Close to Bow Church, at Genesis Homes' Fairfield Quarter affordable homes development, a 25 per cent share price for the one-bedroom apartments ranges from £41,000 to £56,750, based on full-market price ranges from £164,000 to £227,000.
"With the Olympic Games fast approaching there has been a complete makeover and remodelling of Stratford and Hackney – areas positioned right above Canary Wharf, one of the most valuable financial districts in the world," says Haysom. "Essentially, it's the redevelopment of a section of a capital city with an existing and strong beating heart. Once the Olympics is complete it will become important to focus on engaging the Olympic Park with its neighbouring areas.
"East London has seen a huge uplift in demand and prices this year, with continued redevelopment, new transport links and a massive influx of fashion-setting inhabitants.

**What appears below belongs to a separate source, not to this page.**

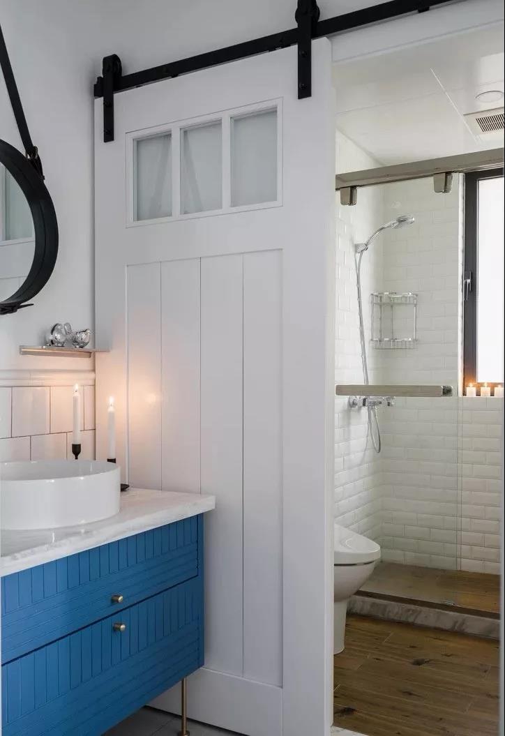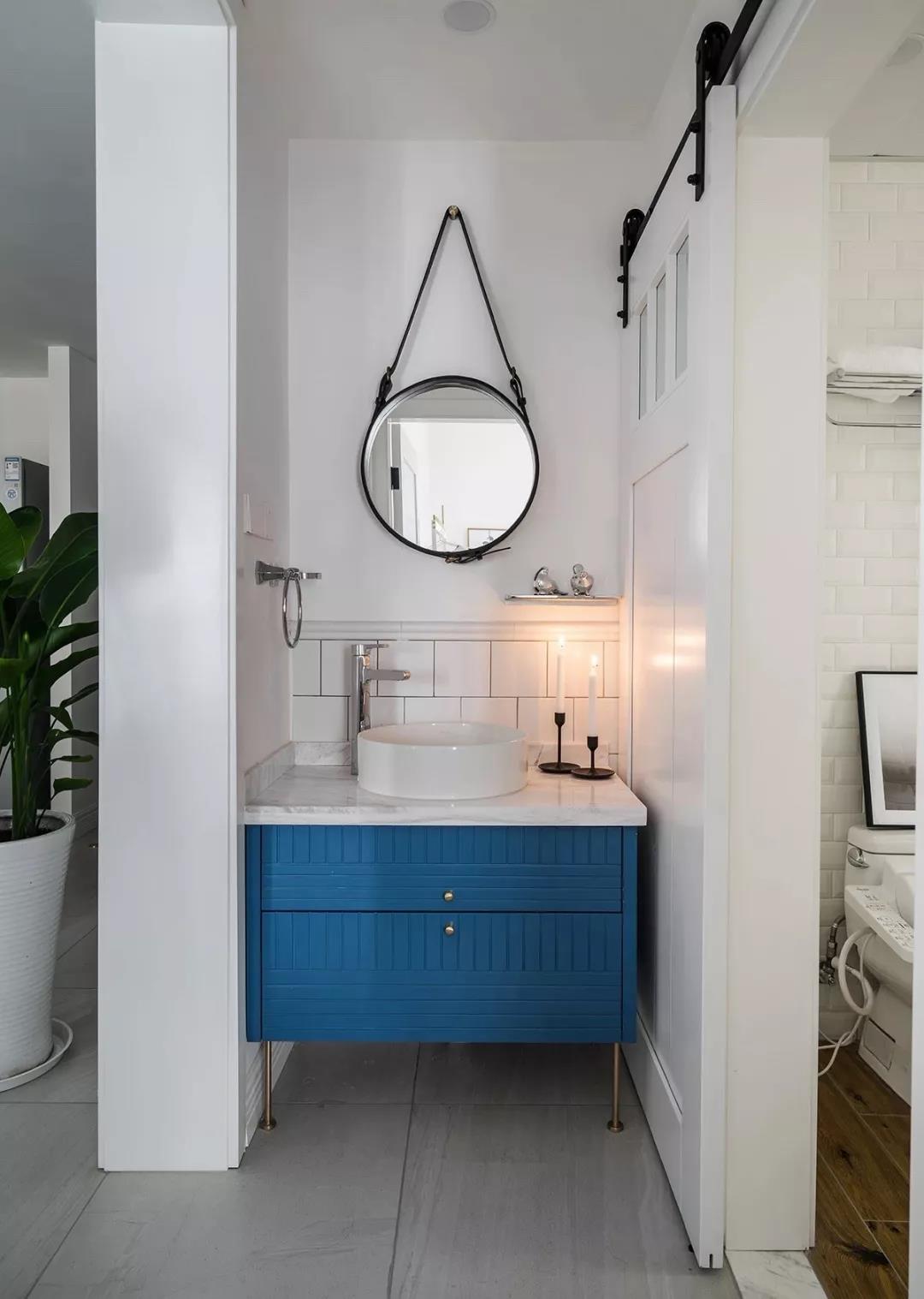 无处不在的色调呼应,以及相同元素的材质选择,极其纯净的色彩组合都让空间的秩序特别的规整。蓝色的台盆柜配上精致的金色配件,显得更加的精巧时尚。

Despite this, property prices still remain well below central London average values and are therefore a great investment for the future."
* Genesis Homes (www.genesishomes.org.uk)* Foxtons (www.foxtons.co.uk) * One Housing Group (www.ohgsales.co.uk) * Knight Frank (www.knightfrank.co.uk)
House prices in Atlanta, Sydney and Athens increased on average 60 per cent in the five years prior to the Games and by considerably more in Beijing.
* Beijing 2008: property prices in Chinese capital increased substantially in the run-up to the Games and continued to climb afterwards. The Chinese state demolished many traditional dwellings in the city and replaced them with luxury modern flats.
* Athens 2004: Greece spent nearly €12 billion 'bringing the Games home'– a record at the time. Six years later, almost all of the Olympic venues lie unused and the debt accrued contributed to the near collapse of the Greek economy.
* Sydney 2000: the Sydney Olympics is widely thought of as the best organised and most successful of recent times, but the net cost of the Games for the nation's public finances totalled £720 million. It was five years before a programme of commercial and residential re-development was implemented at former Olympic sites.
* Atlanta 1996: the Games in Georgia's state capital broke even. Expensive new houses were built around the Centennial Olympic Park and then heavily taxed. That money was used to fund the construction of affordable housing in poor districts.